What is the difference between fresh mushrooms, dried mushrooms, mushroom spores, and mushroom prints?


----------



## Pipe Dream (Mar 2, 2010)

That's exactly the setup i used sgt. floyd. I put the mycelium in jars and one colonized i'd cook up some addition brf mix and put it in a bag with the colonized brf. Than I poked somne holes in the bag and put them above my frideg in the cupboard until it was all colonized and put it in a baking pan inside the poor man's pod. I thought I did something wrong and was afraid to give any away because of the blue bruising when i brokew up the mixture but they were frickin awesome. Me and my friend both ate 14 grams of little tiny B+ boomers off of the cake and I tripped my balls off. I never really grew them again cuz the experience was so strong and I didn't wanna be trippin all the time but it was pretty awesome.The shroomery is where it's at for shrooms and I'm sure they could help you out better over there. I got mine from ralphstersspores don't know about cali though.


----------



## wveers98 (Mar 14, 2010)

Unless you plan to grow really often and in pretty large quantities, just buy the pre-sterilized grain jars for bulk grows or pre-made/sterilized PFTek jars from someone like Mushbox. The pressure cooked costs money, you need to fully understand the pasteurization process, and its just a pretty big pain. Again, unless you really plan on quantities. 

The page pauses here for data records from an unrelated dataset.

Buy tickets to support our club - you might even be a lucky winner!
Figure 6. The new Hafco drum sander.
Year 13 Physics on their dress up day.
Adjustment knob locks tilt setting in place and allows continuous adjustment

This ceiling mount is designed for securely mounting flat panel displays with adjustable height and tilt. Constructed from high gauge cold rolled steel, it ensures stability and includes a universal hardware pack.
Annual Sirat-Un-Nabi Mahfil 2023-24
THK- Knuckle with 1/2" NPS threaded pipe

Do NOT buy the pre-made growing chambers. They are cheaply made and can be put together from Walmart items for less than $50. I purchased the Mycodome and stop using it mid way through my first grow and converted to my Walmart home made version. I will tell you that one you complete a successful bulk grow, you would never consider doing the PF Tek again. The yield difference and size is amazing. Largest dry shroom from cakes was 10 grs wet or 1 gram dry. In the bulk, I produced a 42 grs wet and just over 4 grs dry. That was one big f'ing fungi! Good luck
.


----------



## ANC (Mar 14, 2010)

I bet you could have a perpetual shroom farm for the price of the one of the premade jars especialy if you allready have access to a pressure cooker.


----------



## ndangerspecimen101 (Mar 14, 2010)

If you do your shopping right... you'll have a lovely setup for under 300 bucks! This is guaranteed to grow you pounds of boomers


----------



## ANC (Mar 14, 2010)

Dude, lol, I live off $300 a month!!!!!!


----------



## ndangerspecimen101 (Mar 16, 2010)

ANC said:


> Dude, lol, I live off $300 a month!!!!!!

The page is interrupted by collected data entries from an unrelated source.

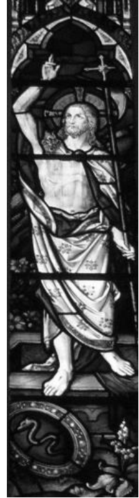
The Risen Christ: St Stephen, Gloucester Road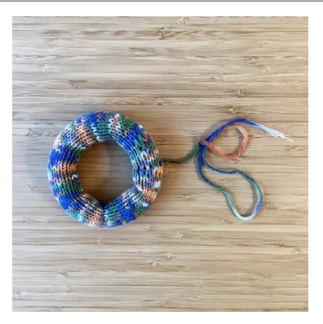
FIGURE 4 | Marta Callizo, ISR for "Demiurge" (final iteration), 2017, (knitted piece)

circular shape. It also had to be three-dimensional and constituted by the sum of multiple small elements (stitches). The addition of stitches would create the whole. These elements had to reflect diversity – expressed by shades of different colours – but also show rhythm and structure.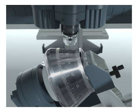
Large part marking & traceability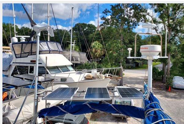
1026 All In Hunter 37.5 Solar panels and Wind Generator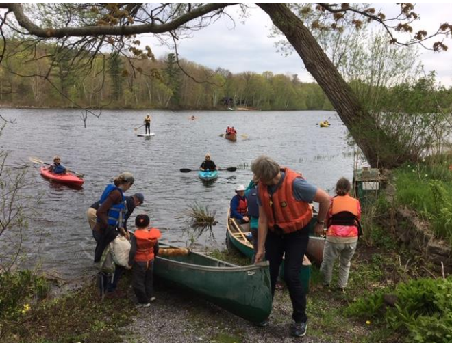
SP Black River Canoe Trip 2019-05-20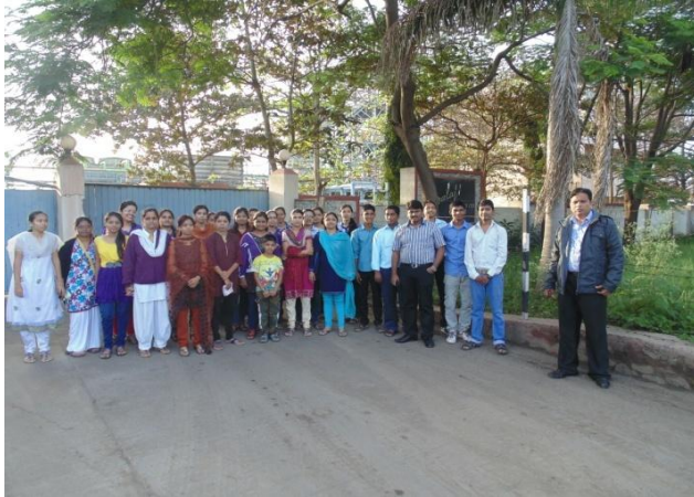
Visit at Balaji Amines

AKIMSS institute visits different organizations in each year. Our students are visited to various companies; they study the methods of producing the products, the methodology they uses. The TQM is analyzed and studied by our student.

Show me the way ANC... I would be rich if I thrive on such a low income! These $7.00 meals and $60.00 on gas weekly is driving me bananas!


----------



## Psychedelics and Chronic (Mar 17, 2010)

If you're low on cash and can't afford a pressure cooker you can just do the PF (BRF) tek first. I get over a half ounce dry from each flush of 5 cakes. Got like 3-4 flushes off of each cake. That'll supply you with enough money to get the pressure cooker after your first grow. You'd also be able to make a liquid culture from the mushrooms you just grew and quicken your process all together.

My fruiting chamber was a plastic storage bin, like $10. It was clear so I put a black garbage bag to line it, and one on the top with a clear plastic in the middle of the lid (I used a sandwich bag taped to the black bag) for light entry. Cut a hole in your lid the size of or slightly larger than the clear plastic in the middle. Put it on so it holds the top bag on with the clear part in the middle. Airtight
My spores cost $10 a syringe when you buy 4, and got 1 (strain of the month) free. $15 when I just wanted 1 or 2 syringes.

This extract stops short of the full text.